I see your point about reproducibility. That's going to be hard, as it always is in parallel systems. For programs in which different domains call Domain.spawn, the order in which different child domains arrive at caml_memprof_domain_create() may depend on kernel scheduling, so just having a mutex-protected counter won't give reproducibility. I'm open to suggestions.
We could get away without our own mutex, as at present caml_memprof_domain_create() is called with the all_domains_lock held. But I'd rather not depend on that.

NickBarnes · 2024-01-22T16:25:36Z

Using dom_st->id in the seed would be reproducible in many common cases in which domains start in a deterministic order. Maybe that would be good enough?

stedolan

This looks great so far. I have the usual pile of nitpicks, but nothing dramatic. (I haven't read the whole thing yet, so I'll have another hopefully smaller series of comments soon)

runtime/memory.c

runtime/shared_heap.c

runtime/memprof.c

stedolan · 2024-01-22T16:56:07Z

Using dom_st->id in the seed would be reproducible in many common cases in which domains start in a deterministic order. Maybe that would be good enough?

Yeah, that seems fine. (If the domains don't start in a deterministic order, then the program does something nondeterministic and memprof isn't going to fix that)

NickBarnes · 2024-01-25T16:45:18Z

I'm just finishing off edits addressing @stedolan's review. Various people have also made positive remarks in other channels. I would appreciate a quick look from @jhjourdan.

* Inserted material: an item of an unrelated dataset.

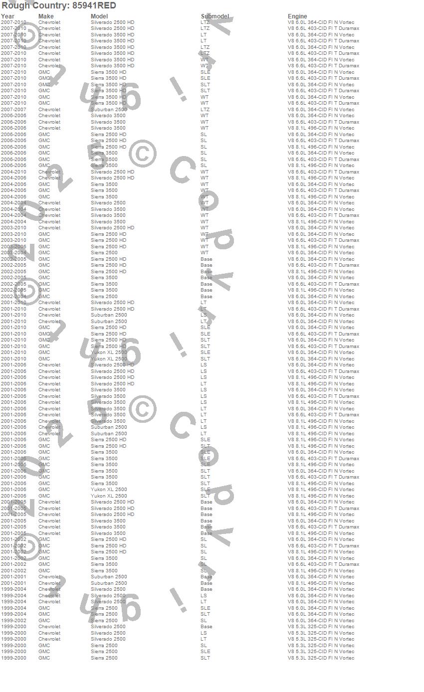 Below is an abbreviated list of applications for the Suspension Lift Kit w/Shocks.Sierra 2500, Sierra 2500 HD, Sierra 3500, Sierra 3500 HD, Silverado 2500, Silverado 2500 HD, Silverado 3500, Silverado 3500 HD, Suburban 2500, Yukon XL 2500, Chevrolet, GMC, 2010, 2009, 2008, 2007, 2006, 2005, 2004, 2003

NickBarnes · 2024-01-25T17:16:26Z

Regarding the suggestion by @gasche to use the PRNG in prng.c, I am reluctant to make this change in this PR because it would require changes to the interface of that module (to expsoe state-creation, with seed input), and it's getting away from the point of this PR. Maybe we should make an issue that there are too many PRNGs in the runtime (I know of at least four - although the two in skiplist.c and lf_skiplist.c are the same as each other - and maybe there are more).

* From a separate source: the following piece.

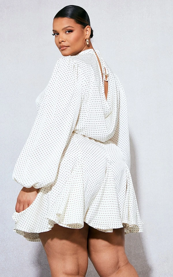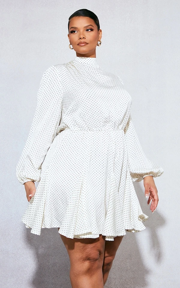 Plus Robe droite crème imprimé pois à ourlet plissé
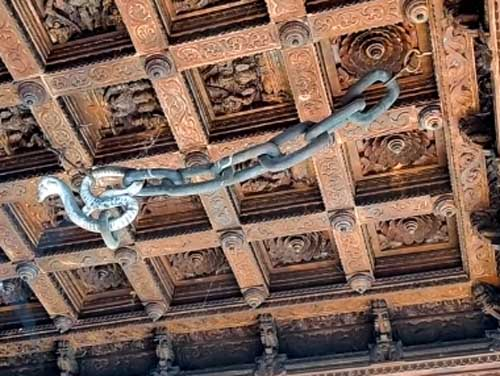Single-stone snake sculpture bound with an iron chain above the Vishnu shrine’s sopana mandapam

gasche · 2024-01-25T17:27:11Z

If you were willing to suggest a prng.h addition that you would like, I would be happy to try to help by submitting this as an independent PR. If it gets merged fast enough then you can do the simplification on your side as well, otherwise we deal with this later.

(I don't understand the details of the of performance and design constraints on the skiplist PRNG, so I would hesitate to propose replacing it by any of the other ones. On the other hand it seems pretty clear to me that statmemprof's SplitMix can be replaced by prng.c. And I am bit wary of the argument of "someone else is already doing this suboptimal thing so it's fine", which can be a slippery slope.)

NickBarnes · 2024-01-25T17:43:51Z

Fair. I'll think about PRNG next Tuesday. Basically prng.c appears to manipulate RNG states (struct LXM_state) which are created and manipulated elsewhere (stdlib/random.ml, apparently, where they are Random.State.t values, which are bigarrays), and passed as value. memprof.c will need to create a PRNG state with a given seed, so we'll need code in prng.c to do that, and a prng.h defining it.

NickBarnes · 2024-01-25T18:05:55Z

Fixed all @stedolan's points except the one about the complex loops in caml_memprof_track_young, which I will come back to on Tuesday 2024-01-30.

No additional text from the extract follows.